What I do know is that Zoviet France don’t make themselves available to us to explain. They also don’t exist purely as a concept and they do need tools to  create their epic, sonic triumphs and they probably need people to bother with their creations as a catalyst for invention. But it’s their insistence on not insisting that you listen to them, or follow them to find out who they are – that’s what makes me approach their music on their terms. Having succumbed to it without any prompting, hype, influence or even information, I decided that I should best blindly follow them into their nightmares, allow them the grace of knowing that they have my attention. Treat them as if you were getting into a strangers car – with trepidation and a certain buzz of nervous excitement, let them drive you silently into the forest. We owe it to them to listen to them like this, after all it’s us that have gone to them not the other way around.

Formed in Newcastle in 1982 Zoviet France have courted anonymity in its brightest form, there’s not much to know about them because it’s not of interest. We do actually know that Ben Ponton and Mark Warren are the current members, other members have come and gone leaving this core duo to not wave the flag for their music – we wouldn’t really know if there were others behind the scenes or not and we don’t particularly care what they look like, in fact to know might distort our image of them as shining Industrial, Ambient trailblazers.

Mort Aux Vaches (Death To Cows) from 1998 is one of approximately 30 albums, most of which are not available (you’ve got to be quick with this slow music).
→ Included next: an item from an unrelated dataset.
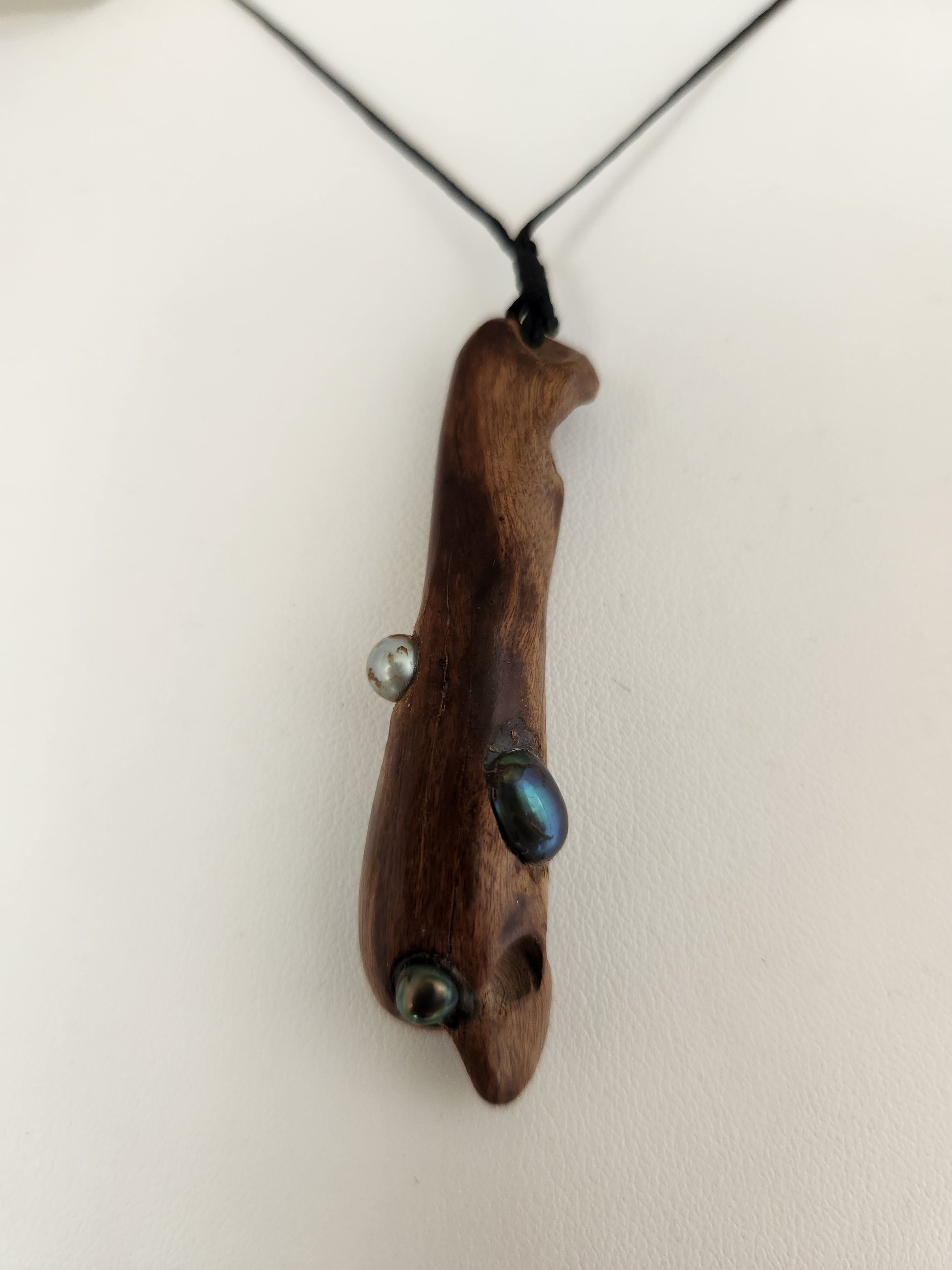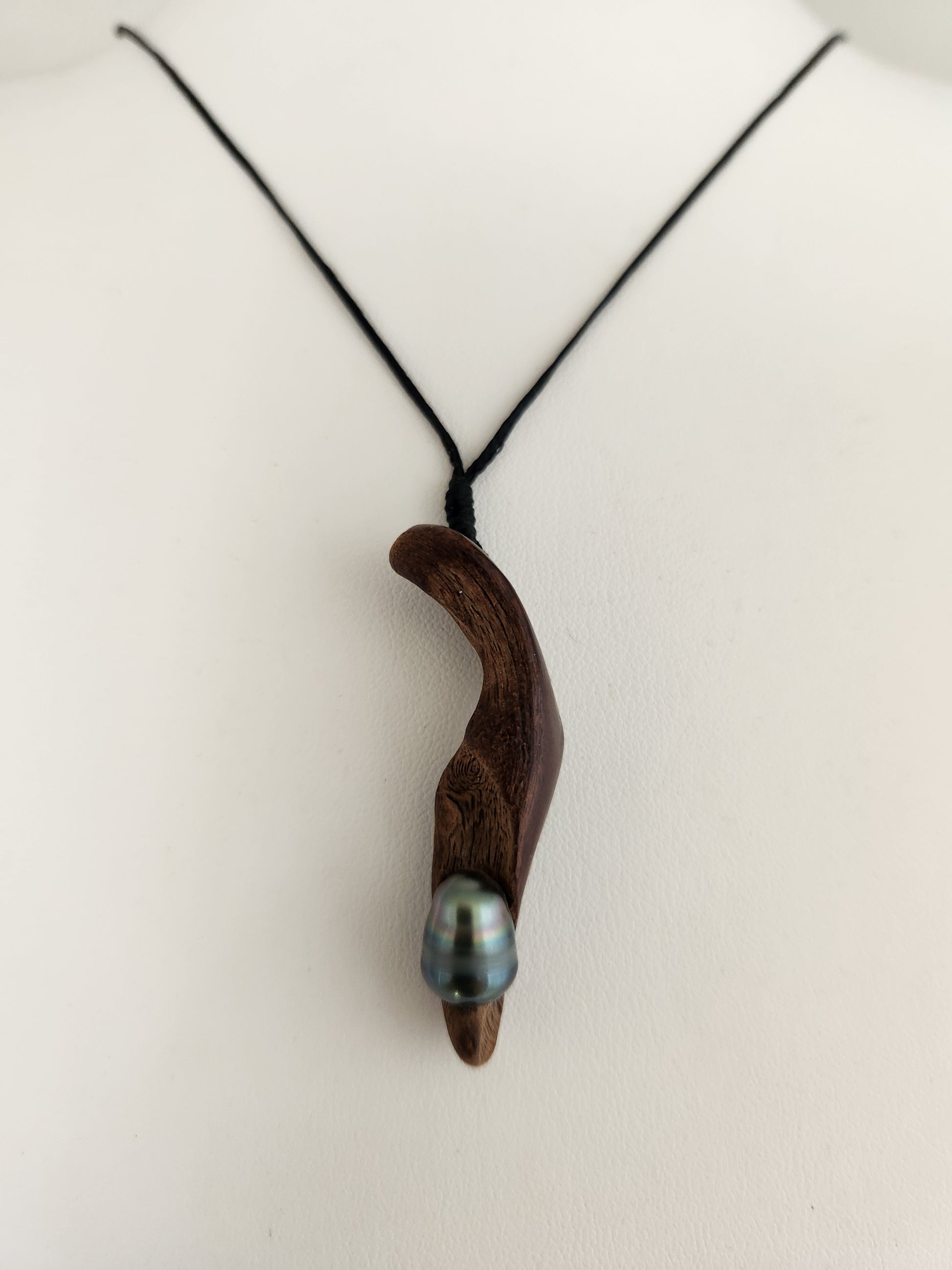 Unique Henderson Island Driftwood & Black Pearl Pendants. Inspired by one of Pitcairn's protected outer islands.

It’s something of a chiller and whether we should interpret the title literally for that dark fantasy movie S/track of the same name or let them bend the meaning till it has no meaning at all is hard to determine. Or do we simply wade through the marshes of their minds, unleash ourselves into the madness of their imaginations. Or perhaps they are only the vessels for you to explore your own dark tunnels, providing you with a S/track to a personal haunted inner landscape? It’s actually all up to us, they play no part in the aftermath of their creations.

Nothing grows in this music except creativity itself. There’s no blade of grass or soft breeze, nothing in primary colours, only withered arms in rags, an inevitable torture of the soul – it’s a horror movie for the ears. But it’s beautifully realized and such skill at evoking and captivating visual processions of the dead or the stink of a dank forgotten prison on a distant planet has you cheering for inspiration itself as it finds triumph in darkness and illumination.